Source data:

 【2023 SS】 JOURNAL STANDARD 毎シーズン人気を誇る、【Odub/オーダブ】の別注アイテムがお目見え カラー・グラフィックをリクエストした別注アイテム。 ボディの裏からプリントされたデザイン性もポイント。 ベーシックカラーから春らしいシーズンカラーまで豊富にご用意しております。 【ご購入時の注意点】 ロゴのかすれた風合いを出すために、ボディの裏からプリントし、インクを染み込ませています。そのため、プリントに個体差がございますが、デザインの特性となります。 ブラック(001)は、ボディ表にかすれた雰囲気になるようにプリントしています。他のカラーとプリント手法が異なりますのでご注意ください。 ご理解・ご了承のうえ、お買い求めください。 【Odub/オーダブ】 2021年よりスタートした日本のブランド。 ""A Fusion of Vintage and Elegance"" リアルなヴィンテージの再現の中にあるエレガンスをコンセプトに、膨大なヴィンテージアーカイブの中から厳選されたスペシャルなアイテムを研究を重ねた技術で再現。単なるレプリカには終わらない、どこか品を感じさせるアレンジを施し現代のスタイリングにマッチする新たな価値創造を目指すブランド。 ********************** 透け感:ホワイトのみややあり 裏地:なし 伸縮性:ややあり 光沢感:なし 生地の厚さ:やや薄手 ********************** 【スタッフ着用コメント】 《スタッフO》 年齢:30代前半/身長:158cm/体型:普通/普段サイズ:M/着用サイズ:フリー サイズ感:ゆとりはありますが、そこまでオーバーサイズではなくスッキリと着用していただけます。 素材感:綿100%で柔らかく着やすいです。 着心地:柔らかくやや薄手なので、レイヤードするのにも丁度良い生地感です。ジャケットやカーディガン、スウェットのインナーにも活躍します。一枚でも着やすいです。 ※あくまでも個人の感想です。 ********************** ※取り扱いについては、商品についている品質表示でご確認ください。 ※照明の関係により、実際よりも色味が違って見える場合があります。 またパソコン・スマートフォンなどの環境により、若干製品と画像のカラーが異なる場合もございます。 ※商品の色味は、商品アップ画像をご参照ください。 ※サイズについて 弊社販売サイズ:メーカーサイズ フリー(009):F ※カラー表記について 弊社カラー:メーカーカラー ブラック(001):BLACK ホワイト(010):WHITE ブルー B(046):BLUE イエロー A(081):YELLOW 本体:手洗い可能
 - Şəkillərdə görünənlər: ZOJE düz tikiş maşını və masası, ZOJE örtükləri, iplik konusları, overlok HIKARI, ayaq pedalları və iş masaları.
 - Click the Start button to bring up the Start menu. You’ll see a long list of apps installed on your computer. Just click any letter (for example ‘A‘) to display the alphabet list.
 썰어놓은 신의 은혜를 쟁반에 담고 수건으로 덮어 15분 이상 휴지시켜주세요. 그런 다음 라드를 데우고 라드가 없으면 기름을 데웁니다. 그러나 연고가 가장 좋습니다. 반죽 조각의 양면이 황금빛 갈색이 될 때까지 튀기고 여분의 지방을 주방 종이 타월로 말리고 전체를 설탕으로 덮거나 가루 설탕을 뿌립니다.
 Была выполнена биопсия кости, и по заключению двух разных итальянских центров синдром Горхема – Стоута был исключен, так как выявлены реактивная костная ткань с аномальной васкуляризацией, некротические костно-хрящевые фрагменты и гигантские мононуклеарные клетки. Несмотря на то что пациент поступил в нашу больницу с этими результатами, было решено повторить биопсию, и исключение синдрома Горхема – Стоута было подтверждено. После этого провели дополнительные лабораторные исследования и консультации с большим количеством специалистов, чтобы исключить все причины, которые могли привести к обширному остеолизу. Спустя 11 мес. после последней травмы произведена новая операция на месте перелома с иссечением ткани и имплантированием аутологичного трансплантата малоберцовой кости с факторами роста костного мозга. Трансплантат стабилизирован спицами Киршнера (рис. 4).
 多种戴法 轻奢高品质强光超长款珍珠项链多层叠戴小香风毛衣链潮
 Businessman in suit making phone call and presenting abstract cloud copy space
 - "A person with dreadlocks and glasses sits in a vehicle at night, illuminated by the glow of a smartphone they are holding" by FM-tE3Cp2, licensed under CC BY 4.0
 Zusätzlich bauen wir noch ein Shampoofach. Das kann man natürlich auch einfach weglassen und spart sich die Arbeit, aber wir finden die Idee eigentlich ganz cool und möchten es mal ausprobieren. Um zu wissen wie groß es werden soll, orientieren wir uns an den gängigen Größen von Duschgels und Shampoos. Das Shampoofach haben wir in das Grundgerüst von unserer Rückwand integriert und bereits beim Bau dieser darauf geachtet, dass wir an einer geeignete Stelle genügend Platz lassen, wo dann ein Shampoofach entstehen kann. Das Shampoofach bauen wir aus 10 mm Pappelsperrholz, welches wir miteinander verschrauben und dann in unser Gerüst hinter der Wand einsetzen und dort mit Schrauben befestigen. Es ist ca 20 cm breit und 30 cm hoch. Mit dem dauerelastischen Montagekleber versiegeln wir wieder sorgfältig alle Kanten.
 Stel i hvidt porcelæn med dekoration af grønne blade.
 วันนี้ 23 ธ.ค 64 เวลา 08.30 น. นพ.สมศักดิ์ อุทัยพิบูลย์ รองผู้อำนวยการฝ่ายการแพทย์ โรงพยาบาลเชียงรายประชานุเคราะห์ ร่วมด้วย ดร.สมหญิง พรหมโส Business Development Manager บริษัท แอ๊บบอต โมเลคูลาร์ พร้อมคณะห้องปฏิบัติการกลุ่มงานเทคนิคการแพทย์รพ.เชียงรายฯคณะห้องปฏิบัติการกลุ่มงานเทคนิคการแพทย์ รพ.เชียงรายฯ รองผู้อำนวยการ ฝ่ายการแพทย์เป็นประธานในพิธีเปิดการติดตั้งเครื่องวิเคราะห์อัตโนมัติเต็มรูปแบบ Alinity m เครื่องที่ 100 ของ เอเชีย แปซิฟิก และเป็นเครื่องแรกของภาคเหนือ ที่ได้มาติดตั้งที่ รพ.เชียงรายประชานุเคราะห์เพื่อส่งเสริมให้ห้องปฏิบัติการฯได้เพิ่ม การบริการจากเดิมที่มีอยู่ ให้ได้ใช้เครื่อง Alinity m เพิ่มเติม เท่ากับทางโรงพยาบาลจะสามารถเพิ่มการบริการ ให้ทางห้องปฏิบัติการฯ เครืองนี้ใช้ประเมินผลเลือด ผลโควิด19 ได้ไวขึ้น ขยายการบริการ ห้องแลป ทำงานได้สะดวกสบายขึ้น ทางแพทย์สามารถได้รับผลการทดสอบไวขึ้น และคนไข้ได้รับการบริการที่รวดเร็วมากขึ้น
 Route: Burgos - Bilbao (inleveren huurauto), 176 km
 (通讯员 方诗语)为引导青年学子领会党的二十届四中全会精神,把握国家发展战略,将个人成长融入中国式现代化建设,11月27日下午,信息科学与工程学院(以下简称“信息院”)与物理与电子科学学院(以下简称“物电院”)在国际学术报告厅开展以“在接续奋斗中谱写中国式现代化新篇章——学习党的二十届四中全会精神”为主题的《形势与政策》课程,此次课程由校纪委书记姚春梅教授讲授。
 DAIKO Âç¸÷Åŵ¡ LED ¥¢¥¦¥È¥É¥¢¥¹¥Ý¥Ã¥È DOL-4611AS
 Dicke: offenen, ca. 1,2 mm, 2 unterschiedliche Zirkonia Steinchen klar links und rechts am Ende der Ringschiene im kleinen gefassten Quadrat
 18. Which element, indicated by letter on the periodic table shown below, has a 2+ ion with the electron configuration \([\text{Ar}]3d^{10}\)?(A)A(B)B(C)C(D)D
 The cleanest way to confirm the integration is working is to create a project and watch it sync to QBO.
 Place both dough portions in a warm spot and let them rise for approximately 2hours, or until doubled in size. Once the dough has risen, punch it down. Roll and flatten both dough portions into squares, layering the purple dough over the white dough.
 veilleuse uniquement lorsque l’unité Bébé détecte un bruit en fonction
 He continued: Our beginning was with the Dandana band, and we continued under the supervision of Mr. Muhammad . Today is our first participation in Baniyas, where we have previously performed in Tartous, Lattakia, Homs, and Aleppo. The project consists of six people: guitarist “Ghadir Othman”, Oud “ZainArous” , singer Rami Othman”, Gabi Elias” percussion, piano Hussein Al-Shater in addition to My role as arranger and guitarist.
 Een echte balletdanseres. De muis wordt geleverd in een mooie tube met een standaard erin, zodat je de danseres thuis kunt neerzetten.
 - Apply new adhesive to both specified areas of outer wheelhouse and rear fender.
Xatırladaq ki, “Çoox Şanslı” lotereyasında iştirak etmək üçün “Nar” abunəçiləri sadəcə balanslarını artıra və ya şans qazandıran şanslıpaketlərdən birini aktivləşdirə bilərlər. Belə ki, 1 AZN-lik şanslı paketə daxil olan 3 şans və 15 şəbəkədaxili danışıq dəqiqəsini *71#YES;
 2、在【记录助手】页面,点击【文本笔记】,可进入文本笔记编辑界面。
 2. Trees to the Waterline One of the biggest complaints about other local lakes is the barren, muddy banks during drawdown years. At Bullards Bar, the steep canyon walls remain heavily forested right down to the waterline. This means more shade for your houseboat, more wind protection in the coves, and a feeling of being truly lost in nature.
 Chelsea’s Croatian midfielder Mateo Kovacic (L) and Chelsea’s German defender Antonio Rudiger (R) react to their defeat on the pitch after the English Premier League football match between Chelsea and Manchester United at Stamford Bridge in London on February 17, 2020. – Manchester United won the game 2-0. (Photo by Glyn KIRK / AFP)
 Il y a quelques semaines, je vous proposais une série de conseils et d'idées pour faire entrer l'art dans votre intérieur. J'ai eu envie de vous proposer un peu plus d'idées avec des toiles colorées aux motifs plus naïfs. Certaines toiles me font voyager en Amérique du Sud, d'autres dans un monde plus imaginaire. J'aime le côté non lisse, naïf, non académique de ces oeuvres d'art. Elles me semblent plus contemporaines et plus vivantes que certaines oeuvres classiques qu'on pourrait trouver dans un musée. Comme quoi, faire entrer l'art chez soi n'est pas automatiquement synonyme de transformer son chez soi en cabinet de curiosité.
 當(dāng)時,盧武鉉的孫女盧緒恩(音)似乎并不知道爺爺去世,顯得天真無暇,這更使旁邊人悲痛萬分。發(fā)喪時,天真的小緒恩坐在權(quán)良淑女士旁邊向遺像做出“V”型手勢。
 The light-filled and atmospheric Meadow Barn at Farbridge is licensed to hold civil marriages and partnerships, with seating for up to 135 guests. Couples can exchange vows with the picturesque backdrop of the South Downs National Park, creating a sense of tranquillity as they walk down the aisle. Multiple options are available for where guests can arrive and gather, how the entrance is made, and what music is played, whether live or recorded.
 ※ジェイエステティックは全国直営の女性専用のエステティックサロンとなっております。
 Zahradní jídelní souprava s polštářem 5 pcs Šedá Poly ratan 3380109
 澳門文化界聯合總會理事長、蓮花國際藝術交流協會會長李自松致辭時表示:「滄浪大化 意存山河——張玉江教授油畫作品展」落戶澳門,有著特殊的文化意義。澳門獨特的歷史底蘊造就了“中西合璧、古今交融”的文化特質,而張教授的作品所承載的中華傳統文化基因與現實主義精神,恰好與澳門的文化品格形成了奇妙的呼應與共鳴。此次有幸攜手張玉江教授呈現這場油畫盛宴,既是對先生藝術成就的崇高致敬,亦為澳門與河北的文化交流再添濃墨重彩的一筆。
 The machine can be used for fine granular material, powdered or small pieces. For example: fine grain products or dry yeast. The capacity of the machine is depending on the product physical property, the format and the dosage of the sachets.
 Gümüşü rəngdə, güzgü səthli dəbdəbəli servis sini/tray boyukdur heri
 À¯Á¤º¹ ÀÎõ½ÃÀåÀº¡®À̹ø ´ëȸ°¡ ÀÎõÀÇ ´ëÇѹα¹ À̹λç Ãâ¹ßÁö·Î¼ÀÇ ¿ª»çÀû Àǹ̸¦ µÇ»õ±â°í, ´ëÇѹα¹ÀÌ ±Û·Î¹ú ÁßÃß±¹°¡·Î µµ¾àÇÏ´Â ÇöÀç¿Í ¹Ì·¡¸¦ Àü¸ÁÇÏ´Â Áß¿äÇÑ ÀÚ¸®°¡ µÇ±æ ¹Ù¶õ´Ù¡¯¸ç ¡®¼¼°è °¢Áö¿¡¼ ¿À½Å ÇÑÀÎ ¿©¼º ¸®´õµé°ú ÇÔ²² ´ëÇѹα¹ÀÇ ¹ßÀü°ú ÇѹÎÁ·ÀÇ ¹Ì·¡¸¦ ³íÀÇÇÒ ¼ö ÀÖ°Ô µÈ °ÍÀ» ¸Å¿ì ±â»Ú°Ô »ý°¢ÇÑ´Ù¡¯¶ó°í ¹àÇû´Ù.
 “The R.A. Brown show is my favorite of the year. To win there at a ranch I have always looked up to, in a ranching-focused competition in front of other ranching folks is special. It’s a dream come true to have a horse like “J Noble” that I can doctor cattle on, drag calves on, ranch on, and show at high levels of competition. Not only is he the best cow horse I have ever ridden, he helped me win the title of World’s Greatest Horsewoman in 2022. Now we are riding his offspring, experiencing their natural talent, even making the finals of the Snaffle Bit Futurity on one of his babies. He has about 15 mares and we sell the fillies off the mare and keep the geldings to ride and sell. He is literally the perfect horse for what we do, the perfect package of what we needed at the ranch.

(Assignment): Of the entries above, repeat exactly the lines from the line with "DAIKO Âç¸÷Åŵ¡ LED" through the line with "veilleuse uniquement lorsque", both of them included.

(Answer area):
 DAIKO Âç¸÷Åŵ¡ LED ¥¢¥¦¥È¥É¥¢¥¹¥Ý¥Ã¥È DOL-4611AS
 Dicke: offenen, ca. 1,2 mm, 2 unterschiedliche Zirkonia Steinchen klar links und rechts am Ende der Ringschiene im kleinen gefassten Quadrat
 18. Which element, indicated by letter on the periodic table shown below, has a 2+ ion with the electron configuration \([\text{Ar}]3d^{10}\)?(A)A(B)B(C)C(D)D
 The cleanest way to confirm the integration is working is to create a project and watch it sync to QBO.
 Place both dough portions in a warm spot and let them rise for approximately 2hours, or until doubled in size. Once the dough has risen, punch it down. Roll and flatten both dough portions into squares, layering the purple dough over the white dough.
 veilleuse uniquement lorsque l’unité Bébé détecte un bruit en fonction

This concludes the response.